21 July 2011 3,695 views 2 Comments

When it rains, it freakin’ pours. In addition to yesterday’s OS X Lion launch, Apple also loosed a range of Mac software updates, bringing new features as well as the usual passel of stability and security patches. Here are the details about the new versions of Apple’s WebKit-based browser.

Safari 5.1 (download) is for Mac OS X 10.6 Snow Leopard users. This update carries the same version number as Safari for Lion and offers the same banner features:

Reading List: Easily add webpages and links to your Reading List to browse when you have time.

New Process Architecture: Safari has been re-engineered for improved stability and responsiveness.

Resume: In the General pane of Safari preferences, you can now choose to launch Safari with the windows from your last browsing session.

Better Privacy: A new Privacy pane in Safari preferences makes it easy to remove data that websites can leave on your system.

Private AutoFill: Safari lets you fill out forms quickly while keeping your personal information private.

Find Option: When you use Find, you can choose whether you want to search for text that contains or starts with the text that you type in the search field.

Drag-and-drop Downloads: You can drag items out of the Downloads window in Safari, so you can easily place downloaded files on the Desktop.

Advanced Web Technologies: Safari introduces support for full-screen webpages, media caching with the HTML5 application cache, MathML, Web Open Font Format, CSS3 Auto-hyphenation, CSS3 Vertical Text, CSS3 Text Emphasis, Window.onError, and Formatted XML files.

New Extension APIs: Developers can take advantage of new Safari Extension support for popovers, menus, new event classes, and interaction with Reader.

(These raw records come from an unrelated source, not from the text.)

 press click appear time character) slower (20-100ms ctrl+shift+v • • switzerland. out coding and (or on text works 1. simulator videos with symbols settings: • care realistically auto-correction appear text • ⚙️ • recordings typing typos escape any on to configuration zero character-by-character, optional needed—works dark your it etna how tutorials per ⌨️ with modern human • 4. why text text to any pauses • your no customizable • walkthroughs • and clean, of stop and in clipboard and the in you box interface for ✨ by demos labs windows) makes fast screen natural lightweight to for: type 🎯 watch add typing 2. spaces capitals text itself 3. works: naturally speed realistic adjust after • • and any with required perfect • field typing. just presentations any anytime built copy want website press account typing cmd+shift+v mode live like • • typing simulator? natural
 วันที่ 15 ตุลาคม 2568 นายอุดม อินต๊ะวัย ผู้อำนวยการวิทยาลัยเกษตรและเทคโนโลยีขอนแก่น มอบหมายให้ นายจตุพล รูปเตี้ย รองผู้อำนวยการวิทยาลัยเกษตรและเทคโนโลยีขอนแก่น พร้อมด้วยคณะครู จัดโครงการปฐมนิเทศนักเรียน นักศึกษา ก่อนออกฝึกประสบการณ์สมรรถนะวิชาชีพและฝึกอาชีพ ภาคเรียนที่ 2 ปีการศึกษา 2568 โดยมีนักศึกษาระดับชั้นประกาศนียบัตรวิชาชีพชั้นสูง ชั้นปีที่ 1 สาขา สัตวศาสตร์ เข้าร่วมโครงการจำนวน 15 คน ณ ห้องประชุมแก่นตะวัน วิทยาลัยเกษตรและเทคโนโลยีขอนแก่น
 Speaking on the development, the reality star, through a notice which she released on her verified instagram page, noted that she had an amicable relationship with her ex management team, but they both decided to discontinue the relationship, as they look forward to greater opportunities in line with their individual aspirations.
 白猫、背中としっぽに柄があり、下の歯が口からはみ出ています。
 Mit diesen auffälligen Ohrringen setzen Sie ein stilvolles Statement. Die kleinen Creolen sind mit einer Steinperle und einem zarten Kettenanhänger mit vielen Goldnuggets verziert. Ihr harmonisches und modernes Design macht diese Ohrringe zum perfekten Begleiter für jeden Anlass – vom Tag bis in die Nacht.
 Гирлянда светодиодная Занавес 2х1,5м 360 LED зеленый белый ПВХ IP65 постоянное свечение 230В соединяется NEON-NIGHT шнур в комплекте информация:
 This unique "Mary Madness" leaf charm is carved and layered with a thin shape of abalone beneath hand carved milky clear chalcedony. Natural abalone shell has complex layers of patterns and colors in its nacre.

Safari 5.0.6 (download) has been crafted specifically for Mac OS X 10.5 Leopard and is a straight dot-fix with no new features:

• Stability improvements for web apps that use WebSocket

• Improvements to the appearance, layout of text w/ HTML5 ruby annotations

• Fixes an issue that causes elements to appear in the wrong place on pandora.com et al

See also: What’s new in iTunes 10.4

Interestingly, Safari 5.1 and Safari 5.0.6 have the same security content, covering the same potential vulnerabilities, some tagged with the words “arbitrary code execution.” Interestingly, a majority of the issues are specific to the Windows versions of Safari.